Interact with Earth Observation Images using AI: Transparent Methods and Evaluation for Visual Question Answering

Now is an exciting time for the domain of Earth observation (EO), with a multitude of diverse sensors looking at the planet from satellites, airplanes or drones. The volume of imagery acquired is massive, and hold great potential for a variety of applications. However, the ability to extract useful insights from the imagery and thus realize the full potential of EO is limited by a technical barrier: the skills necessary to retrieve specific information from this unique resource. While a large proportion of the population has become familiar with optical, very high resolution images, the use of data-driven pipelines to efficiently retrieve the content of interest from data of various spatial and spectral resolutions is technical and task-specific. These limitations create a gap between available EO data and potential, non-specialist end-users. To tackle this challenge, the task of remote sensing visual question answering (RSVQA) proposes to use natural language to enable the interactions, through questions and answers, between EO data and end-users.

The goals of this thesis are to improve the understanding of RSVQA systems by investigating its different parts, as well as to propose transparent and innovative methodologies and evaluation strategies. The emphasis is on transparency to, on one hand, design architectures that enhance the interpretability of the answer predictions by providing supporting insights, and on the other hand, formulate evaluation metrics that better capture the performances and robustness of the systems.

The first part of this thesis is dedicated to analytical studies.

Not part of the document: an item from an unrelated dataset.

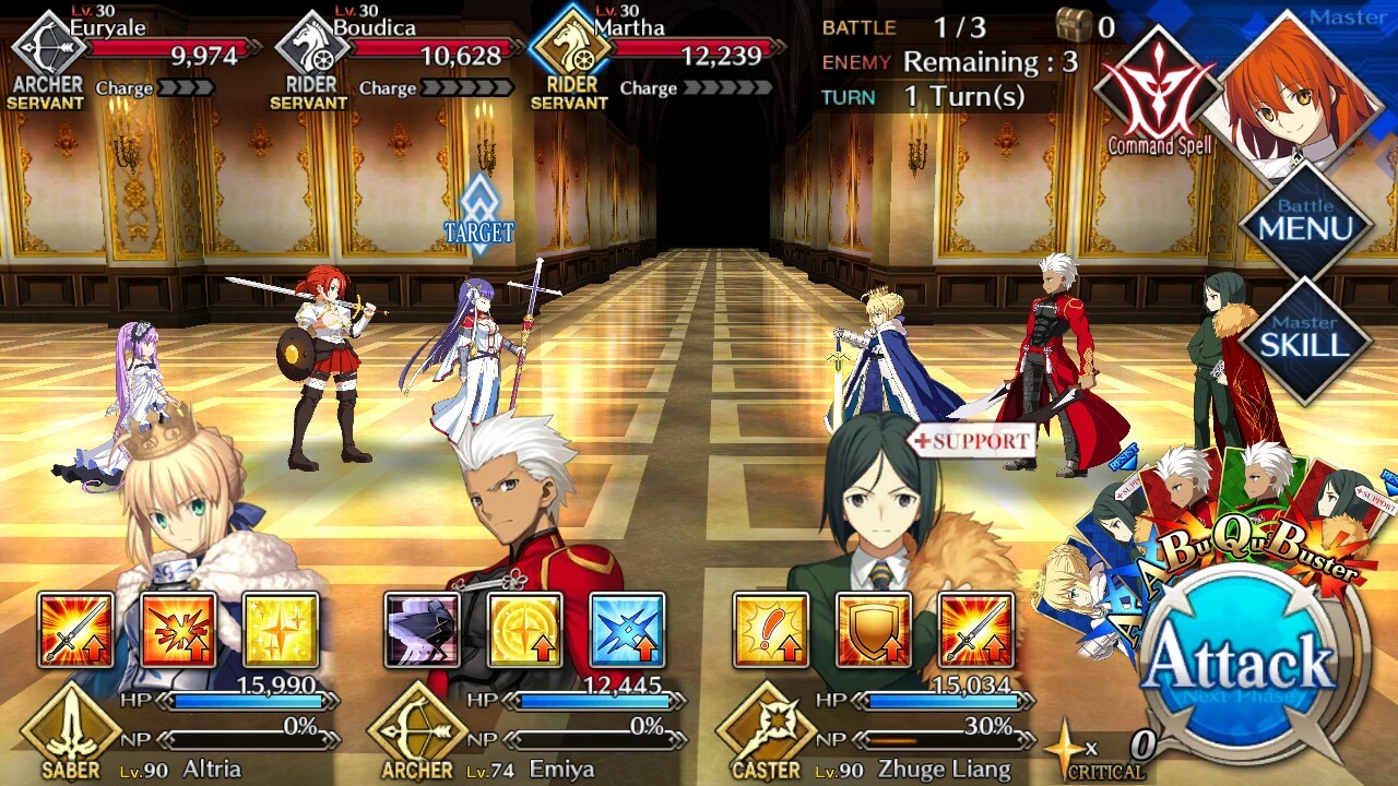 | Euryale (Lvl 30/ Archer/ 9974 HP) | Boudica (Lvl 30/ Rider/ 10,628 HP) | Martha (Lvl 30/ Rider/ 12,239 HP) |
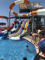 Отель большой, а вот территории мало, почти все занято бассейнами. Горки работают с 10 до 12 и с 14 до 16. Малую на горку-унитаз не пустили, ограничение по возрасту (с 18 лет). Остальные она пользовала в свое удовольствие, включая детские.

Different strategies to combine representations of the images and the questions are compared in terms of performances but also efficiency. Next, the language model encoder used to produce the questions representation is considered, contrasting the previously-standard recurrent neural network with the modern attention-based transformer. The interest to fine-tune the pre-trained encoders is also examined. Since fine-tuning can have consequences on the robustness of a RSVQA model as it learns the language biases present in the dataset, the pitfall of language biases in RSVQA is thoroughly studied to propose evaluation metrics for both datasets and models.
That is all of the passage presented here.